* The records:
□ □ □ □ □

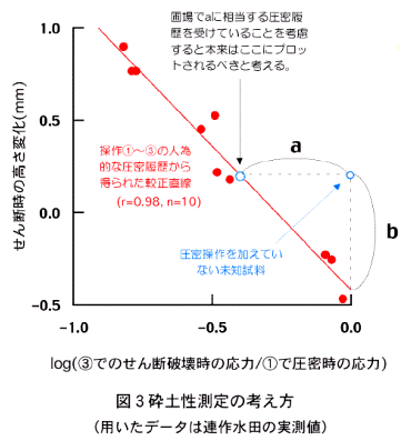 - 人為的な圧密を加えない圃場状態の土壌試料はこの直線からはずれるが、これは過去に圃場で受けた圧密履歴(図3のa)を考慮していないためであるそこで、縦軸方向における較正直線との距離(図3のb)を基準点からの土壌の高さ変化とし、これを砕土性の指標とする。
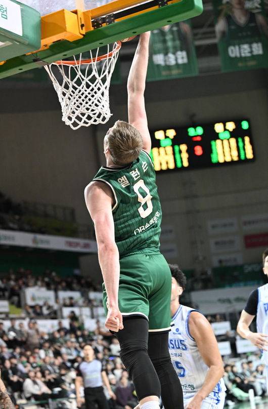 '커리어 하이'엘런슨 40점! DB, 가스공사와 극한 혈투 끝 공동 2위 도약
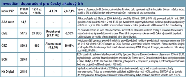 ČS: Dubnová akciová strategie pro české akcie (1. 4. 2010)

□ □ □ □ □

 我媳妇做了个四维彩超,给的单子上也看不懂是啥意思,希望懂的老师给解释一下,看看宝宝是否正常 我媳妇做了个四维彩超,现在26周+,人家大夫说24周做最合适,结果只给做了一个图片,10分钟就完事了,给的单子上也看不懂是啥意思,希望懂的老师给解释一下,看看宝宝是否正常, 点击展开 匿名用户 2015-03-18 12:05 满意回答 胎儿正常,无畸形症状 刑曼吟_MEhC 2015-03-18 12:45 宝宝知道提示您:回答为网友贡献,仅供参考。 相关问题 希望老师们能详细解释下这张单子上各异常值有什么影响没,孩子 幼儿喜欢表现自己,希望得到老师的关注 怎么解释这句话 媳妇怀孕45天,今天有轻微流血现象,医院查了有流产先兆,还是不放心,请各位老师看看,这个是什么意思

□ □ □ □ □

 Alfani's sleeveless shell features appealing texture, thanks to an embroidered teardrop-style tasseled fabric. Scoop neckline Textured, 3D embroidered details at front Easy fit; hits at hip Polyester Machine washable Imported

□ □ □ □ □

Repeat exactly the lines above, beginning at the one containing "- 人為的な圧密を加えない圃" and ending at the one containing "ČS: Dubnová akciová". Do not carry over any pictures.

* Solution for this problem:
 - 人為的な圧密を加えない圃場状態の土壌試料はこの直線からはずれるが、これは過去に圃場で受けた圧密履歴(図3のa)を考慮していないためであるそこで、縦軸方向における較正直線との距離(図3のb)を基準点からの土壌の高さ変化とし、これを砕土性の指標とする。
 '커리어 하이'엘런슨 40점! DB, 가스공사와 극한 혈투 끝 공동 2위 도약
 ČS: Dubnová akciová strategie pro české akcie (1. 4. 2010)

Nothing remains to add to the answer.